Following a similar pattern, containers with crafted names could also be allowed to mount sensitive paths on the underlying host without triggering a Falco alert. Here’s the prior rule:
- rule: Launch Sensitive Mount Container
desc: >
Detect the initial process started by a container that has a mount from a sensitive host directory
(i.e. /proc).

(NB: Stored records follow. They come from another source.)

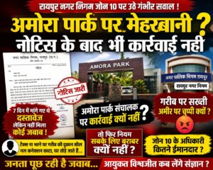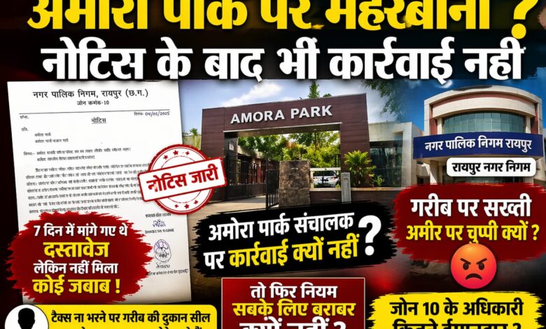 रायपुर। नगर निगम जोन क्रमांक 10 एक बार फिर अपने कामकाज को लेकर विवादों में घिर गया है। “अमोरा पार्क” के संचालक को नोटिस जारी करने के बाद भी अब तक कोई ठोस कार्रवाई न होना निगम के दोहरे रवैये को उजागर करता नजर आ रहा है।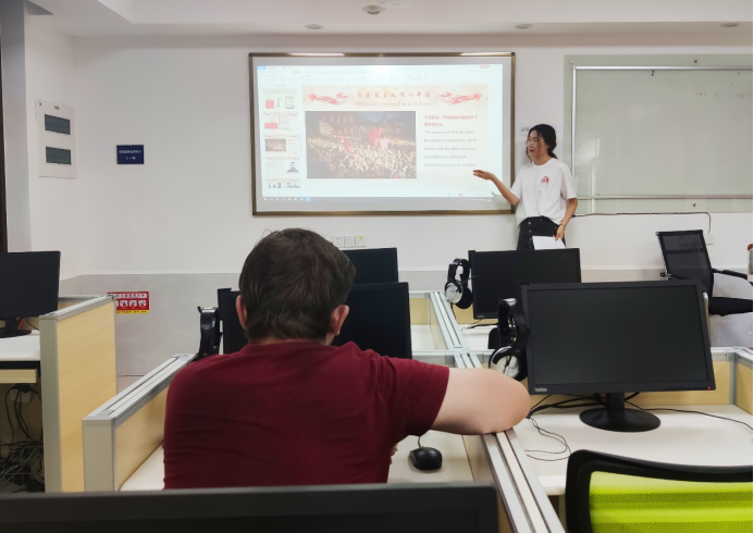 7月6日上午,实践队以“回顾建党历史”为主题,为留学生们讲授中国共产党的诞生及其为中国带来的翻天覆地的变化。基于参与课程的留学生的中文水平,实践队员张书萍等同学全程使用英语进行了细致生动的讲解。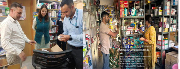 उत्तराखंड: 09 Oct. 2025, ब्रहस्पतिवार को देहरादून । स्वास्थ्य सचिव एवं आयुक्त (FDA) डॉ. आर. राजेश कुमार के निर्देशों एवं अपर आयुक्त महोदय द्वारा गठित टीम को दिए गए निर्देशों व उप औषधि नियंत्रक महोदय, खाद्य संरक्षा एवम औषधि प्रशासन उत्तराखंड के दिशा निर्देशों के क्रम में औषधि निरीक्षक ,FDA , देहरादून मानेंद्र सिंह राणा के नेतृत्व में देहरादून में दून मेडिकल कॉलेज हॉस्पिटल के आसपास, रेस कोर्स, गुल्लीघाटी रोड , मियांवाला और बालावाला स्थित मेडिकल स्टोरों का टीम द्वारा संयुक्त औचक निरीक्षण किया गया ।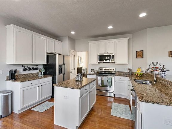 Beautifully appointed & wonderfully maintained 4BR/3.5BA home in desirable Mill Grove loaded w/updates. Upon entering, you'll find a 2-story foyer w/beautiful hardwoods on main level leading intoGreat Rm w/woodburning FP which opens to KIT& Breakfast Rm making it ideal for entertaining. Spacious KIT feat island, breakfast bar, granite countertops, stnlss stl appl & pantry. Mstr Suite feat cathedral ceiling, W/I closet, 2 sinks, separate shower & tub. Full fin bsmt w/rec area, Flex Rm, & Full BA! Other feat incl office on main, dining rm, & wainscot plus 3 cargar. Great outdoor living on large deck & extendedpatio overlooking spacious yard & common area with no neighbor to the east as well as nearby walking path! Roof: 1 yr, HVAC: 3 mo.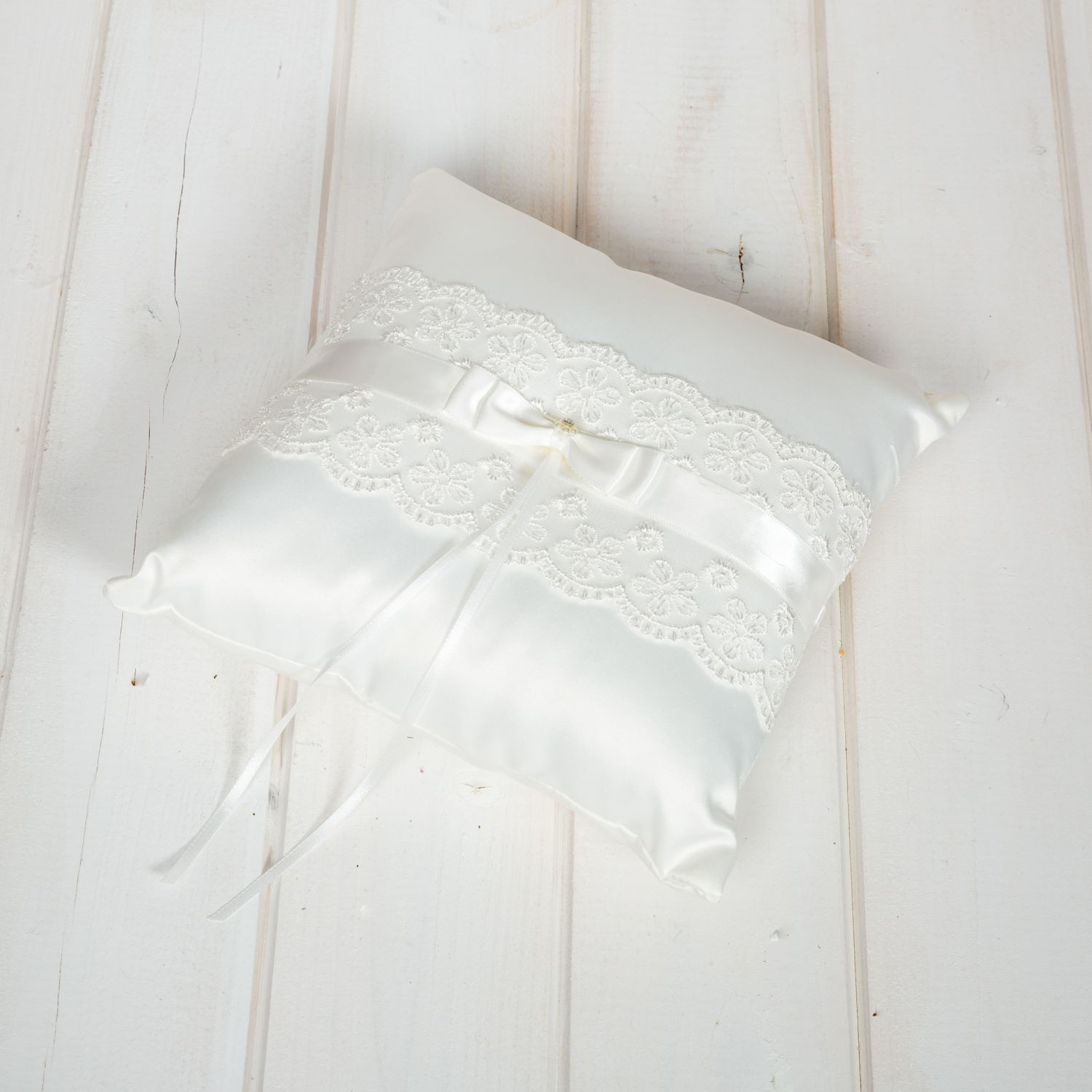 In mijlocul funditei, pernuta de verighete are o floricica delicata cu margele si cristal.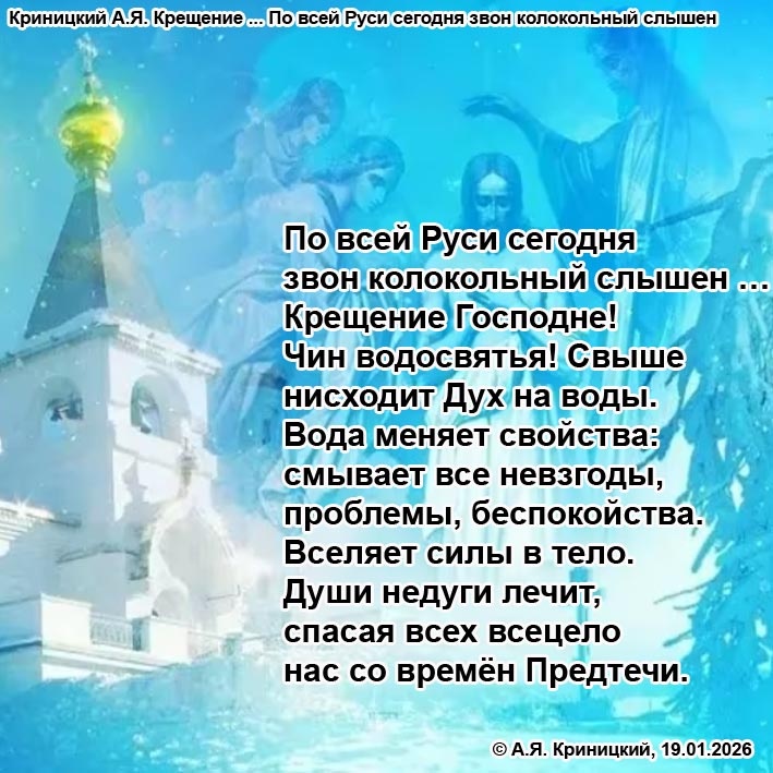 С праздником Крещения Господня! Пусть святая вода очистит душу и сердце, наполнит жизнь светом и благодатью, подарит Благословение Божье, укрепляющее веру и надежду.... КРЕЩЕНИЕ ... ПО ВСЕЙ РУСИ СЕГОДНЯ ЗВОН КОЛОКОЛЬНЫЙ СЛЫШЕН © А.Я. Криницкий, 2026 Смотрите, слушайте, подписывайтесь: Авторское прочтение стихотворения на канале Rutube: https://rutube.ru/video/faf1e63ceec85469c8484bdb1a222348/ Авторское прочтение стихотворения на канале YouTube: https://youtu.be/InQ9i_VOVxg Стихотворение на сайте СтихиРУ: https://stihi.ru/2026/01/19/1034 Стихотворение на авторском телеграм канале: https://t.me/Krinitski/440 Другие стихи, посвященные празднику Крещению: https://stihi.ru/2021/01/18/1067 ...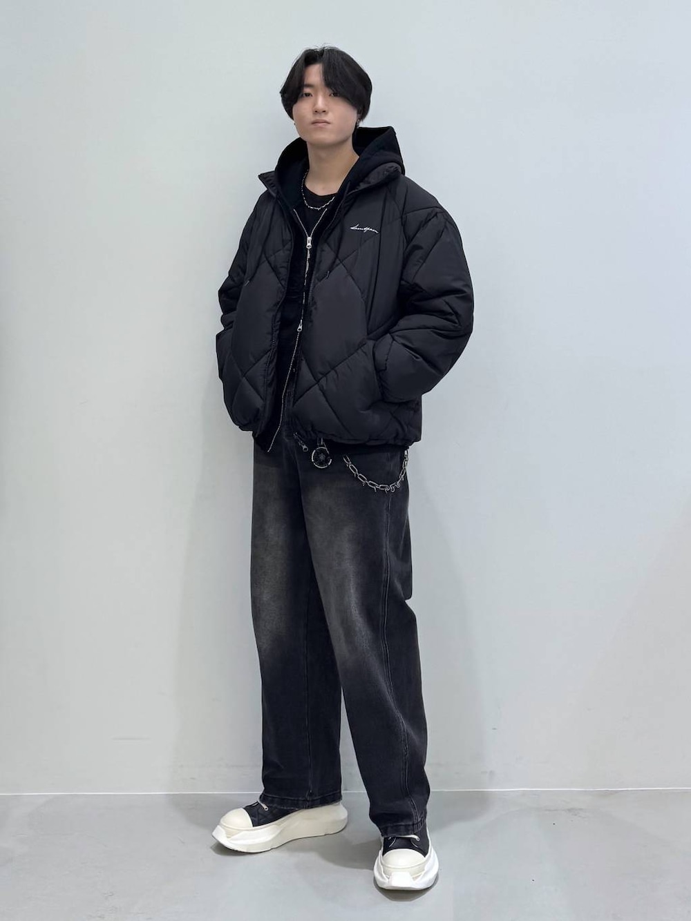 ⭐各アイテムのおすすめポイント  ̄ ̄ ̄ ̄ ̄ ̄ ̄ ̄ ̄ ̄ ̄ ̄ ̄ ̄ ̄ ̄ ̄ 【アウター】SAINTPAIN:M ひし形のデザインが効いた可愛いアイテム! 生地はやや膨らみはあるもののスタイリッシュに着やすいです! サイズ感は大きめで、腰サイドに絞りが付いており自分好みに使っていただけます! 【ボトムス】3.3FieldTrip:L ウォッシュ加工が入ってる可愛いアイテム サイズはS~Lまであり自分好みのサイズを選んでいただけやすいです! (注意Sサイズはレディース向けで作っておりとてもウエストが細くなっているため腰が細いメンズの方でと要注意❗️)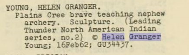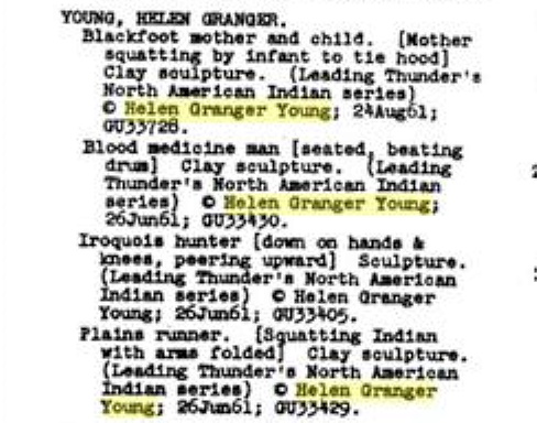 shows that the sculpture had been created and copyrighted nine years earlier (1962) by Helen Granger Young on commission for a company called Leading Thunder, for inclusion in their ‘North American Indian series.’ No search engine has been able to turn up anything about a company by this name, but obviously it did exist at some point during the early 1960s. Perhaps they went out of business before ever producing any goods? In any event, this sculpture ended up being sold to Cybis for use as the ‘Magic Boy’ limited edition in the 1970s and again (in color) in the 1980s. Nowhere in any Cybis advertising literature is Helen Granger Young credited as the designer – but then again, they never credited her for any of the other Cybis pieces either. The difference, of course, is that those other pieces were eventually copyrighted by Cybis, while this one had already been copyrighted by Mrs. Young during the previous decade.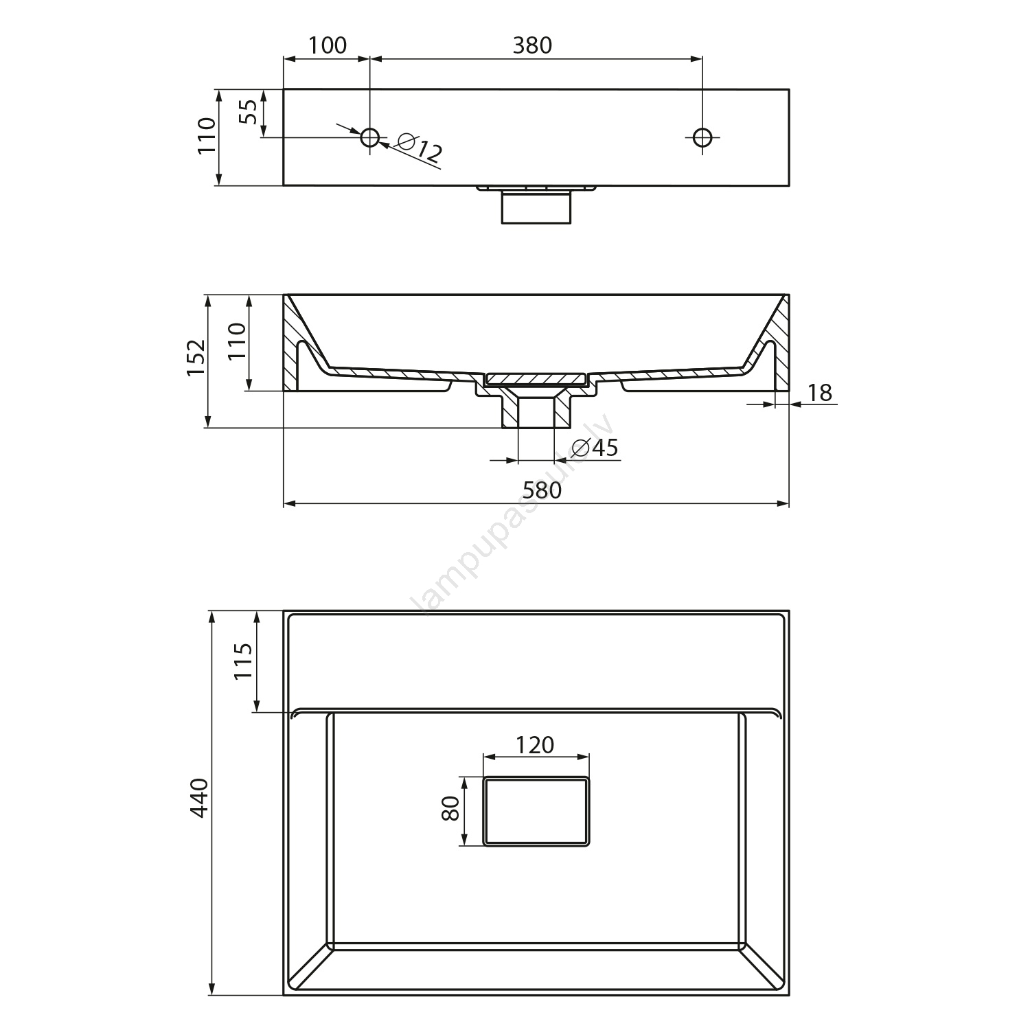 Sapho - Sienas uzstādāma izlietne GODIVA 58x44 cm marmors/balta | Lampupasaule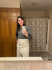 This was a great winter sweater to pair with jeans. I loved the pattern on the sleeves. It wasn’t itchy and it was a fairly thin sweater. Would definitely rent again.

Exceptions are made for known trusted images.
condition: >
container_started and container # Macros that identify this event as a newly started container
and sensitive_mount # Has a mount path like /, /etc, /var/run/docker.sock, etc
and not falco_sensitive_mount_containers # A list of allowed containers for Falco-owned images
and not user_sensitive_mount_containers # A list for users to place their allow-list
output: Container with sensitive mount started (user=%user.name command=%proc.cmdline %container.info image=%container.image.repository:%container.image.tag mounts=%container.mounts)
priority: INFO
tags: [container, cis, mitre_lateral_movement]
The sensitive_mount macro lists the most critical paths to be aware of in a containerized environment:
- macro: sensitive_mount
condition: (container.mount.dest[/proc*] != "N/A" or
container.mount.dest[/var/run/docker.sock] != "N/A" or
container.mount.dest[/var/run/crio/crio.sock] != "N/A" or
container.mount.dest[/var/lib/kubelet] != "N/A" or
container.mount.dest[/var/lib/kubelet/pki] != "N/A" or
container.mount.dest[/] != "N/A" or
container.mount.dest[/home/admin] != "N/A" or
container.mount.dest[/etc] != "N/A" or
container.mount.dest[/etc/kubernetes] != "N/A" or
container.mount.dest[/etc/kubernetes/manifests] != "N/A" or
container.mount.dest[/root*] != "N/A")
Here’s the previous falco_sensitive_mount_containers macro that allows the same image name-based bypass:
- macro: falco_sensitive_mount_containers
condition: (user_trusted_containers or
container.image.repository in (trusted_images) or
container.image.repository in (falco_sensitive_mount_images) or
container.image.repository startswith quay.io/sysdig)
And the newest version includes the trailing / like so:
- macro: falco_sensitive_mount_containers
condition: (user_trusted_containers or
container.image.repository in (trusted_images) or
container.image.repository in (falco_sensitive_mount_images) or
container.image.repository startswith quay.io/sysdig/)
If an attacker or malicious developer has the RBAC permissions to launch a pod and the cluster does not have Admission Control implemented to prevent arbitrary images from running in a cluster running Falco with unmodified rules, they could create a carefully named image repository, push an image of their choosing there, and run it inside the cluster without Falco generating an alert.
It’s important to understand that there is no vulnerability in Falco’s “engine” here. It’s a sneaky logic bug in the declaration of two default rules/macros that allow undesired image paths to also match. Upgrading Falco’s agent (although recommended for other reasons) isn’t required to address this issue. Instead, an update to the latest falco_rules.yaml is the relatively painless solution.
After upgrading your rules, check out the Falco Community repo and get involved. Thanks to the Falco team for all the hard work making such a useful piece of software, for making the responsible disclosure process straightforward to follow, and for the quick turn-around on the updated rules.